Several years of low long-term rates and rapid home price appreciation have come to an end, and U.S. RMBS will encounter increased challenges next year as a result, according to a new report released today by Fitch Ratings. In its Global Structured Finance Outlook
report for 2007, Fitch projects that 2006 vintage subprime mortgages will perform substantially worse in the coming year, with cumulative lifetime losses ultimately reaching 7 percent, the worst collateral losses of any vintage to date.
"Borrowers who took on more debt to keep up with home prices are now showing signs of strain as serious delinquencies are up in all RMBS segments," said Director Grant Bailey. "Increased borrower leverage and slowing home price appreciation will put negative pressure on RMBS, most notably, in the subprime sector."
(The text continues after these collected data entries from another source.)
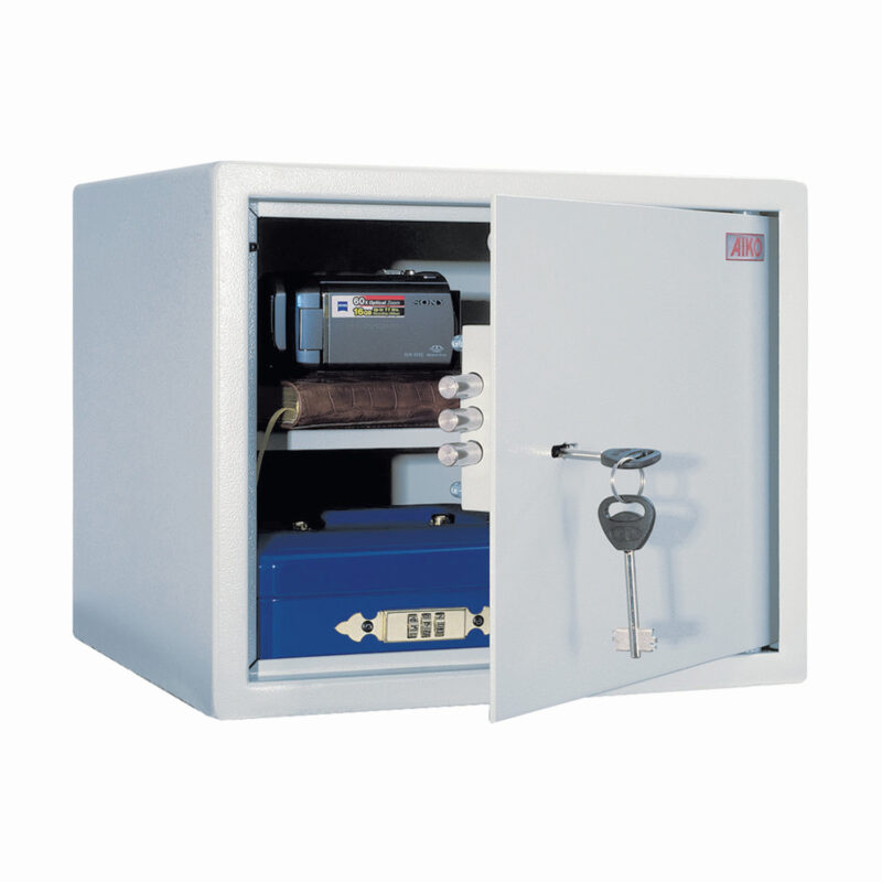 Сейф изготовлен из стали. Лицевая панель толщиной 3 мм, боковые — 1,5 мм.На сейф установлен электронный кодовый замок со световой и звуковой индикацией, позволяющий запрограммировать свой уникальный код (от 4 до 8 знаков). В комплект входит аварийный мастер-ключ на случай, если забыли код или вышли из строя элементы питания. Подробная инструкция по эксплуатации замка в комплекте. Изделие имеет ригельную систему запирания, диаметр ригелей — до 16 мм. Окраска — стойкое полимерное порошковое покрытие, защищающее от царапин и ржавчины. Конструкция мебельного сейфа DASWERK «SС» предусматривает возможность установки и крепления сейфа внутри мебели, а также анкерное крепление к стене.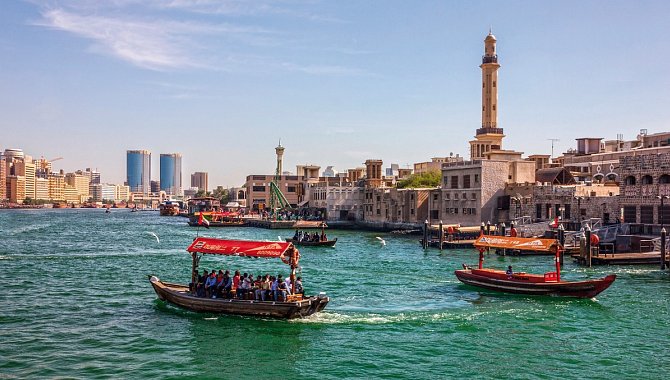 Der Stadtteil Bur Dubai am westlichen Ufer des Dubai Creeks beherbergt u. a. das Dubai Museum.
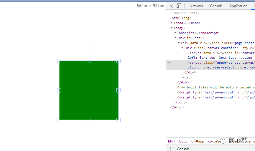 矩形 //引入fabric import { fabric } from "fabric"; // 创建一个fabric实例 let canvas = new fabric.Canvas("canvas"); //可以通过鼠标方法缩小,旋转 // or // let canvas = new fabric.StaticCanvas("canvas"); //没有鼠标交互的fabric对象 // 创建一个矩形对象 let rect = new fabric.Rect({ left: 200, //距离左边的距离 top: 200, //距离上边的距离 fill: "green", //填充的颜色 width: 200, //矩形宽度 height: 200, //矩形高度 }); // 将矩形添加到canvas画布上 canvas.add(rect); 可以看到界面中填充了一个可以通过鼠标放大缩小且可以旋转的绿色矩形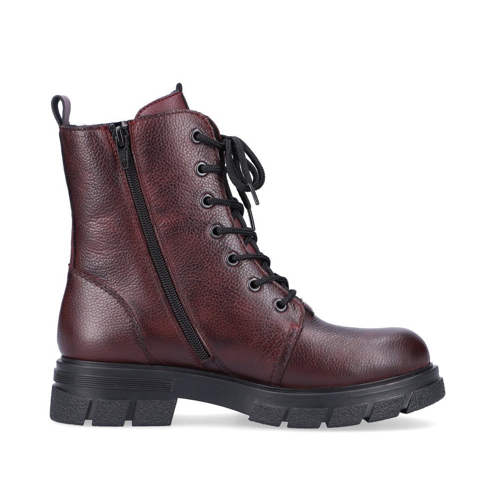 Detailní informace Moderní dámská kožená kotníková obuv značky Rieker ve vínové barvě. Díky šněrování si upravíte šíři obuvi dle svých potřeb. Obouvání Vám usnadní funkční zip z vnitřní strany a poutko v zadní části horního lemu obuvi. Maximální pohodlí budete mít díky měkké stélce, hřejivé podšívce a kvalitní podešvi s technologií Antistress, tato podešev se perfektně přizpůsobí každému kroku a tlumí nárazy, tím chrání páteř. Jistý krok Vám dodá také silnější hrubá podešev se vzorkem.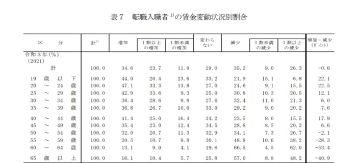 ただし、見落としてはならないのは、35~54歳の転職入職者のうち3割前後の人たちは賃金が減少しているという事実です。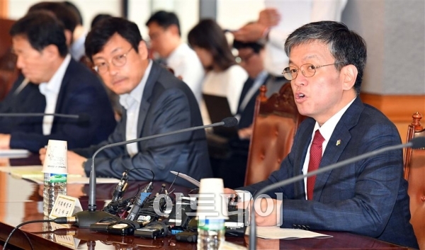 최상목 기획재정부 1차관이 24일 서울 명동 은행회관에서 열린 브렉시트 관련 동향점검 긴급 거시경제금융회의에 참석해 모두발언을 하고 있다. 신태현 기자 holjjak@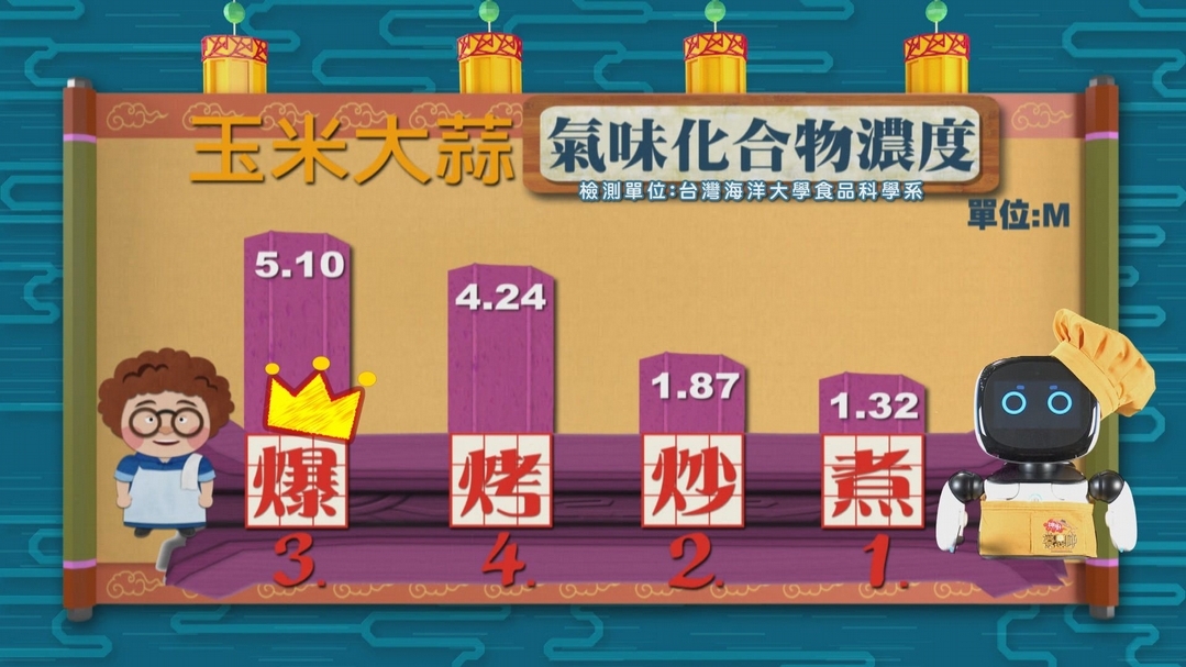 前面講到了「爆香」,以大蒜為例,用油爆之後香味立刻變得很明顯,而且蒜頭反而也不辣了,這是因為大蒜裡面的大蒜素會隨著高溫而被破壞掉分解,辣度就會降低,加上很多的芬芳物質會因為高溫而揮發出來,根據《神廚賽恩師》請海洋大學食科系所做的報告,先油爆大蒜再拌入玉米粒所含的氣味化合物的濃度最高,烤味居第二,炒和煮就明顯低很多。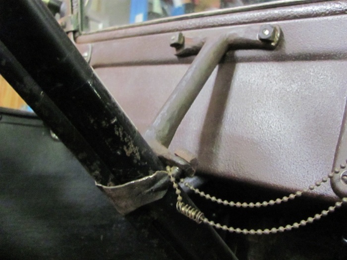 Nellie, my early '23 Cut-off, with steel firewall didn't have the bracket, as it was built before the new dash panel bracket. So found this 'home forged' bracket at Chickasha swap, the ole farmer heated up the forge, and split and bent this iron piece. The surround metal part is from a speedometer bracket he used! Crafty folks back then!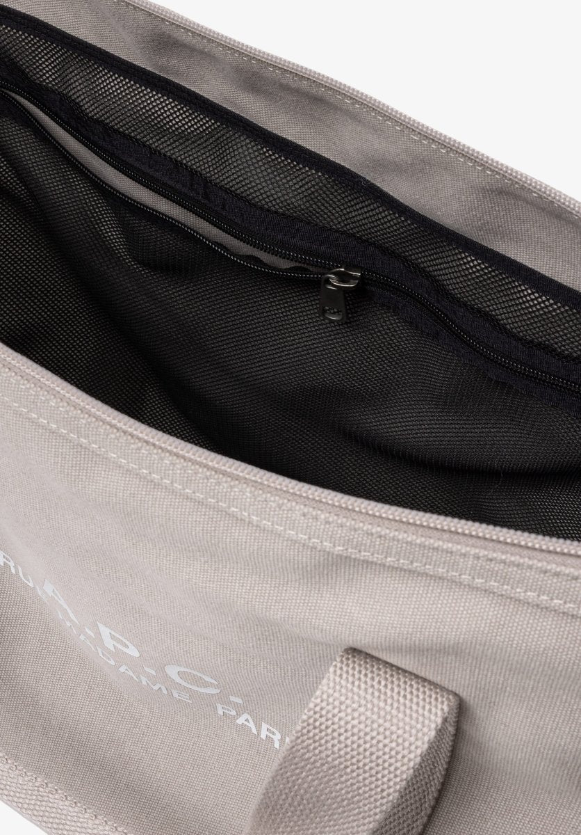Its structured duffle silhouette features sturdy top handles and an adjustable shoulder strap with a metal buckle, allowing it to be worn comfortably over the shoulder or crossbody. Inside, a zipped mesh pocket helps keep essentials organized, while the contrasting “A.P.C. Rue Madame Paris” logo adds a signature touch.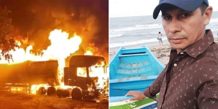 Luego del homicidio, la turba prendió fuego al camión, marca Hino, placas M 401-937 según versiones locales, y el vehículo quedó completamente calcinado.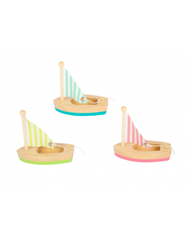Estos tres veleros de madera son adecuados para utilizarlos en la bañera, en piscinas inflables o en cualquier lugar donde haya un poco de agua donde puedan flotar. Las velas pueden ser desenganchadas y atadas de nuevo si es necesario.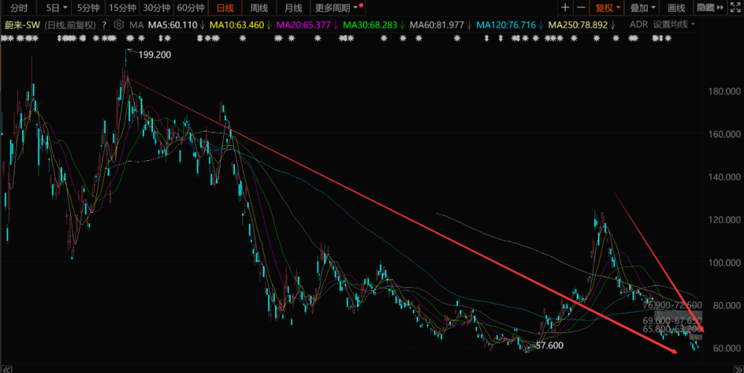 目前港股的蔚来汽车,股价为59港元,从8月份之后股价已经腰斩,距离历史最高价199港元跌了70%。而销量明显更好的理想汽车,目前股价为134港元,较历史最高价185港元跌了不到28%。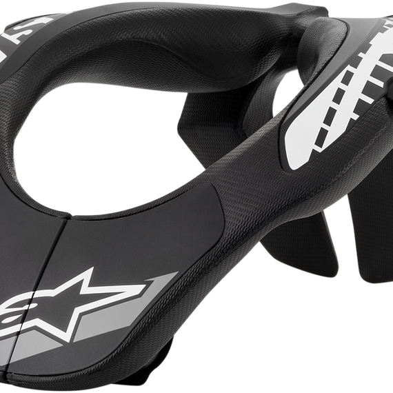 Caracteristicas: Compact, easy-to-use design for kids ages 8-14 Ergonomic design and engineered shape for ideal fitment with Alpinestars A-5 S Left and right rigid frames are made from a polymer compound combination with the internal smooth edge made of soft-injected EVA to provide a great fit and stable positioning Overall frame construction dissipates energy loads by transmitting them across the back Flexible back connector between the left and right frames allows the neck support to follow the body's movements when riding Chin plates on the front dissipate pressure of the helmet when impacting Quick-release closure system to easily engage or disengage the neck support Compatible with Alpinestars A-5 S; can also be worn on its own using the A-strap (included in the YNS kit)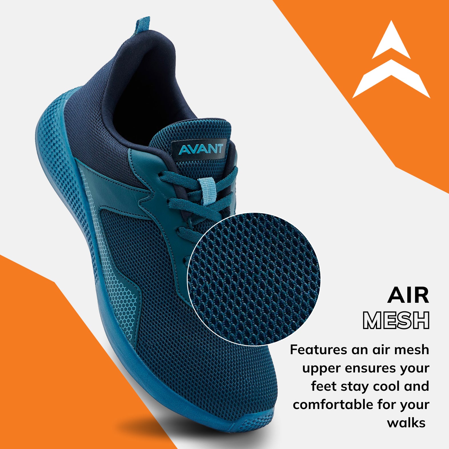 Whether it's morning walk, a trail run, or a morning jog, the Avant Men's Glide Walking Shoes are well-equipped with airiness, enhanced cushioning, and grip. In addition to their breathability, the upper air mesh contributes to the shoe's lightweight nature, making you feel like you are gliding on air.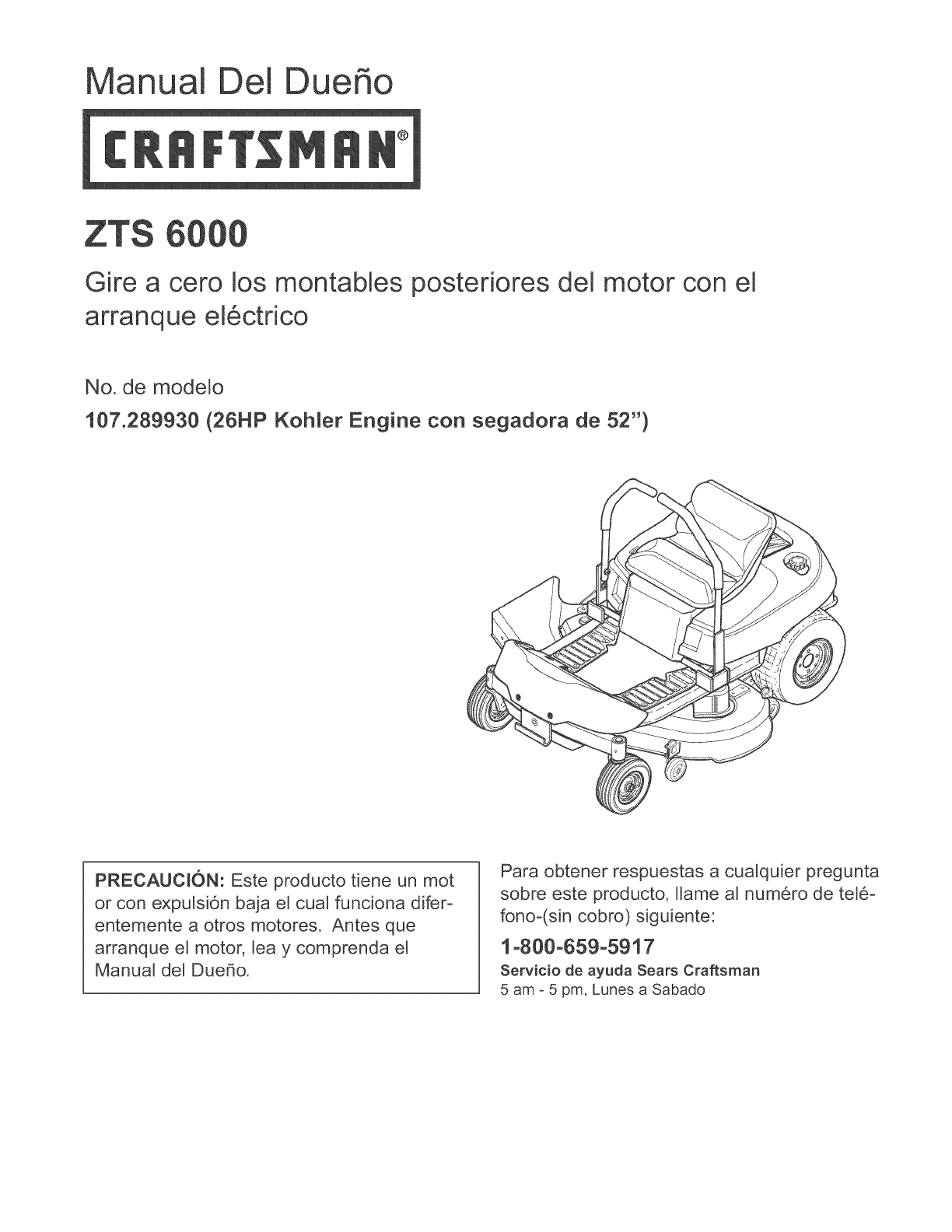 User Manual: Craftsman 107289930 107289930 CRAFTSMAN ZERO TURN REAR ENGINE RIDER - Manuals and Guides View the owners manual for your CRAFTSMAN ZERO TURN REAR ENGINE RIDER #107289930. Home:Lawn & Garden Parts:Craftsman Parts:Craftsman ZERO TURN REAR ENGINE RIDER Manual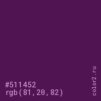 Цвет #511452 в цветовой модели RGB обозначается тремя октетами (81, 20, 82) в десятичном формате и #511452 в шестнадцатиричном (hex) формате, которые являются интенсивностью красного 81 (hex 51), интенсивность зелёного 20 (hex 14) и интенсивность синего 82 (hex 52).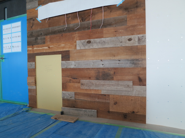 壁面の仕上げとして3種類の不燃古材をランダム貼りしました。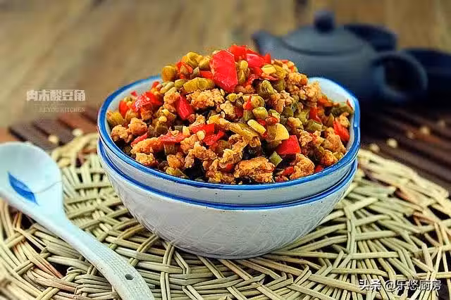 第二步:將瘦肉剁成剁末、酸豆角切末、蒜切末備用。
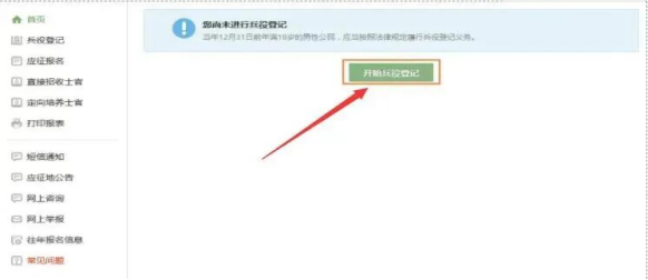 登录或注册完后,进入登记,点击“开始兵役登记”

Serious subprime delinquencies, in fact, have increased almost 50 percent year-over-year while the rate of downgrades has escalated in recent months. "Additionally, subprime RMBS' increased sensitivity to home price appreciation rates, coupled with a significant number of borrowers facing upward interest rate adjustments, will likely result in more subprime downgrades than upgrades next year," said Bailey.
Though some collateral deterioration is expected in all RMBS segments, the potential drop-off appears to be more marginal in prime jumbo and Alt-A RMBS as the ratio of upgrades to downgrades may decrease but the outlook for both sectors should stay largely positive for 2007. Elsewhere, performance trends for both NIMs and "Scratch and Dent" RMBS will remain negative, while ironically, one of the historically more maligned areas of RMBS, manufactured housing, will be showing continued signs of stabilization next year.